• Work to complete: A faithful copy of all the data is required; pictures should not be included.

• Source material:
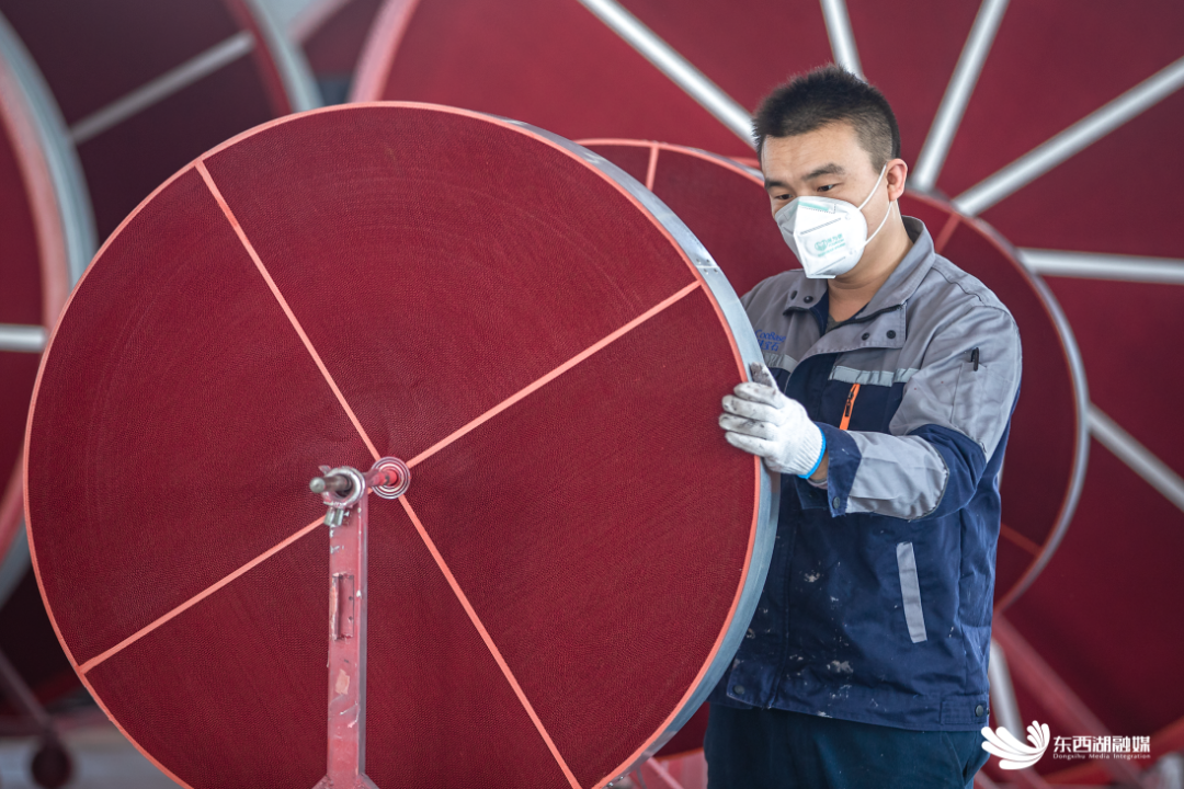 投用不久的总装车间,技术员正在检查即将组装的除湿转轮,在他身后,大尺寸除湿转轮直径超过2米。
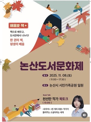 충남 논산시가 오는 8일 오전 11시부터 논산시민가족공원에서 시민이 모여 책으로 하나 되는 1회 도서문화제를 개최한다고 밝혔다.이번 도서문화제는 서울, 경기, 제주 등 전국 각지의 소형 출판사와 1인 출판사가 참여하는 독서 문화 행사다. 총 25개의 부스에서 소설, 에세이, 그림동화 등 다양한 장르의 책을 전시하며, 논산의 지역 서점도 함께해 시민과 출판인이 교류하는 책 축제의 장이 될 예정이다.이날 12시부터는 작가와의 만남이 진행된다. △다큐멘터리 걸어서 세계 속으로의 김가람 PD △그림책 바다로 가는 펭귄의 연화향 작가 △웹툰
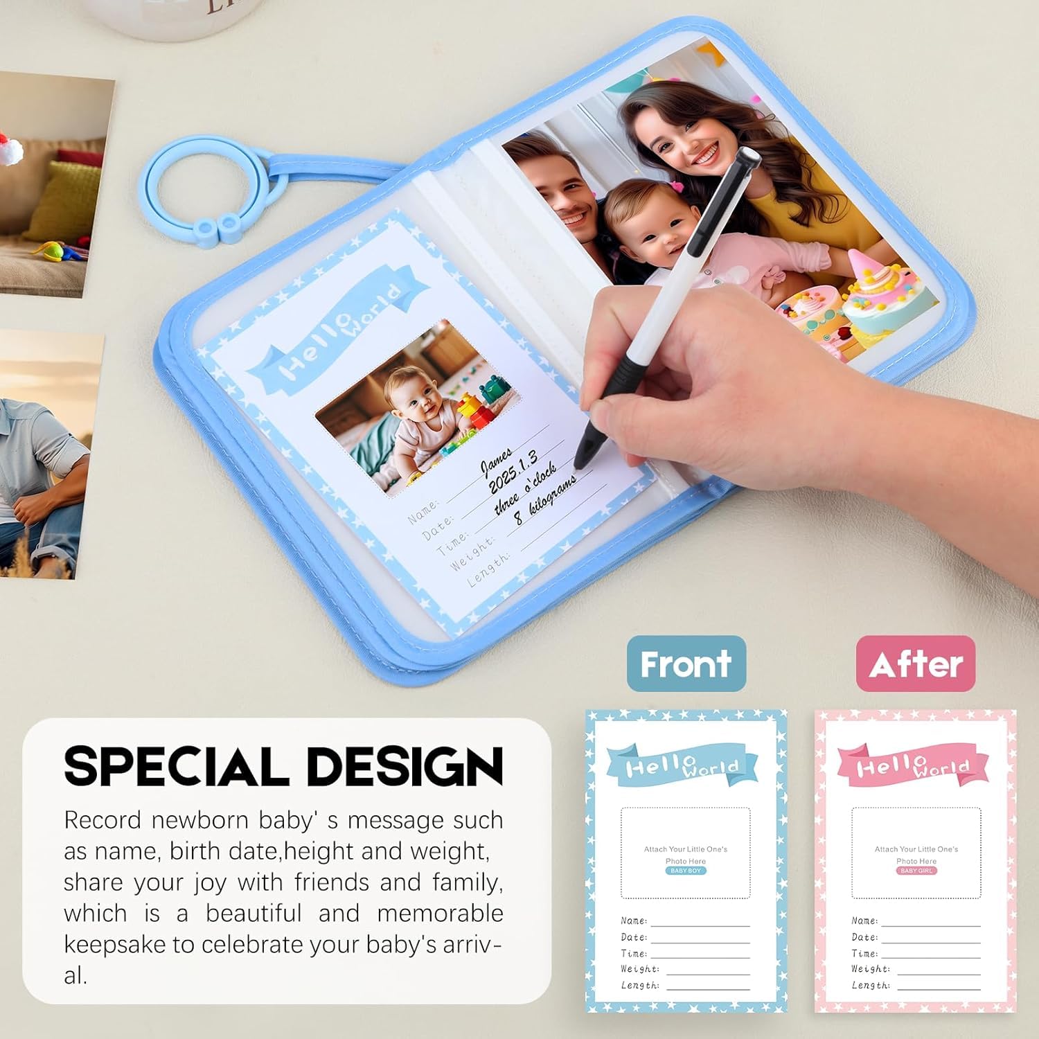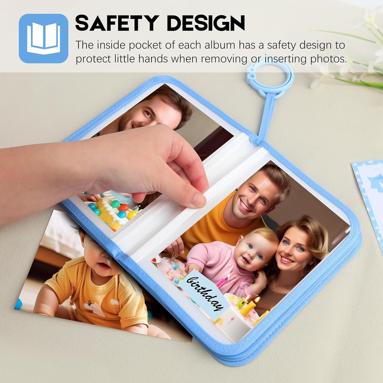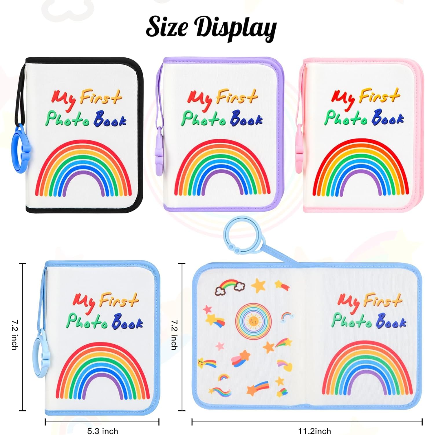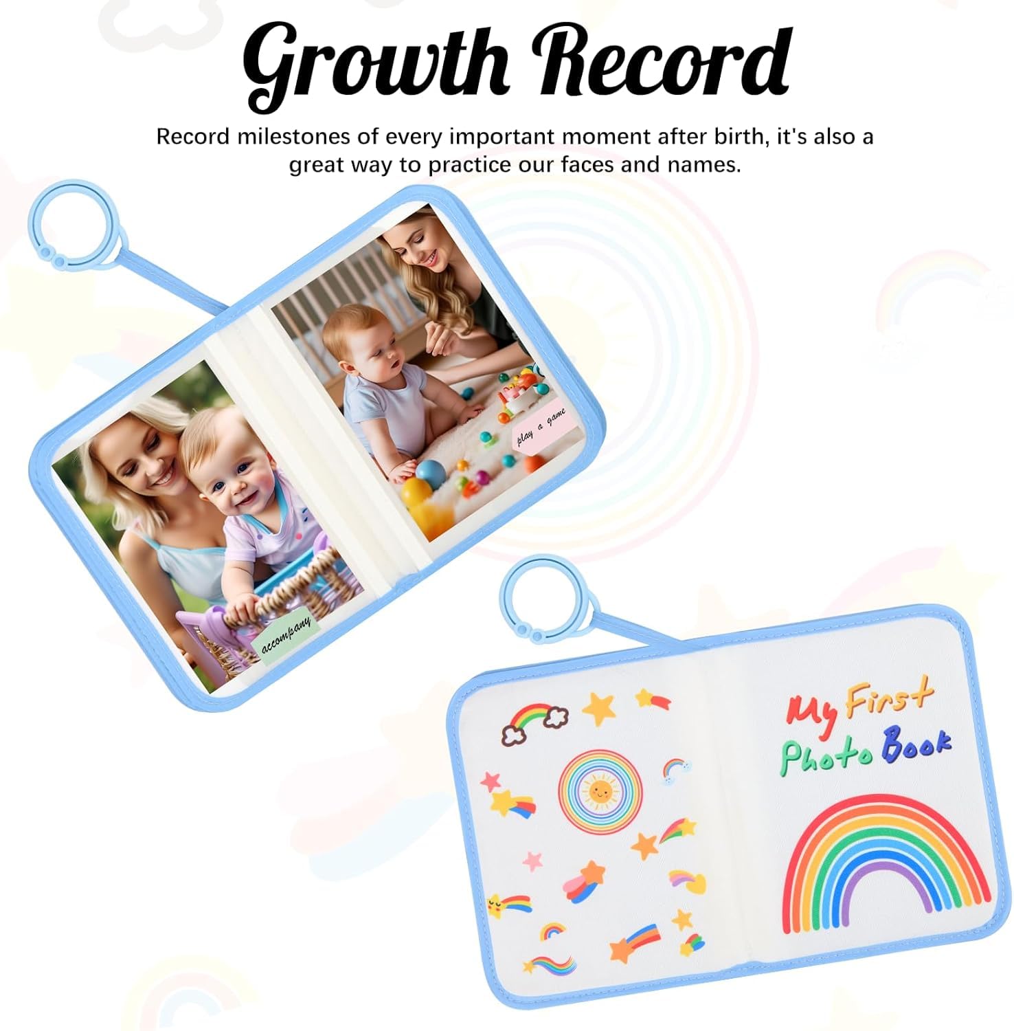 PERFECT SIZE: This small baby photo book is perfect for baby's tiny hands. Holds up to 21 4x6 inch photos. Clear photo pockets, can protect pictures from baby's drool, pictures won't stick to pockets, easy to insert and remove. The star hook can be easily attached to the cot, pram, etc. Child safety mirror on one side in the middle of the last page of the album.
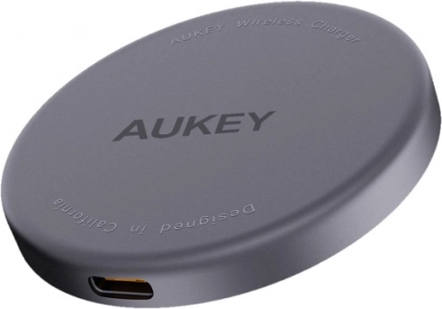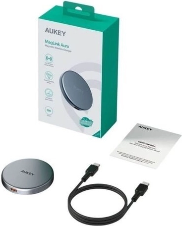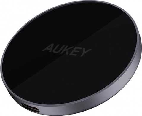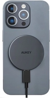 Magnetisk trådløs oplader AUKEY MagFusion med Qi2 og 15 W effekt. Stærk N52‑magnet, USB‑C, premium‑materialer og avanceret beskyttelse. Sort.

• Written answer:
 投用不久的总装车间,技术员正在检查即将组装的除湿转轮,在他身后,大尺寸除湿转轮直径超过2米。
 충남 논산시가 오는 8일 오전 11시부터 논산시민가족공원에서 시민이 모여 책으로 하나 되는 1회 도서문화제를 개최한다고 밝혔다.이번 도서문화제는 서울, 경기, 제주 등 전국 각지의 소형 출판사와 1인 출판사가 참여하는 독서 문화 행사다. 총 25개의 부스에서 소설, 에세이, 그림동화 등 다양한 장르의 책을 전시하며, 논산의 지역 서점도 함께해 시민과 출판인이 교류하는 책 축제의 장이 될 예정이다.이날 12시부터는 작가와의 만남이 진행된다. △다큐멘터리 걸어서 세계 속으로의 김가람 PD △그림책 바다로 가는 펭귄의 연화향 작가 △웹툰
 PERFECT SIZE: This small baby photo book is perfect for baby's tiny hands. Holds up to 21 4x6 inch photos. Clear photo pockets, can protect pictures from baby's drool, pictures won't stick to pockets, easy to insert and remove. The star hook can be easily attached to the cot, pram, etc. Child safety mirror on one side in the middle of the last page of the album.
 Magnetisk trådløs oplader AUKEY MagFusion med Qi2 og 15 W effekt. Stærk N52‑magnet, USB‑C, premium‑materialer og avanceret beskyttelse. Sort.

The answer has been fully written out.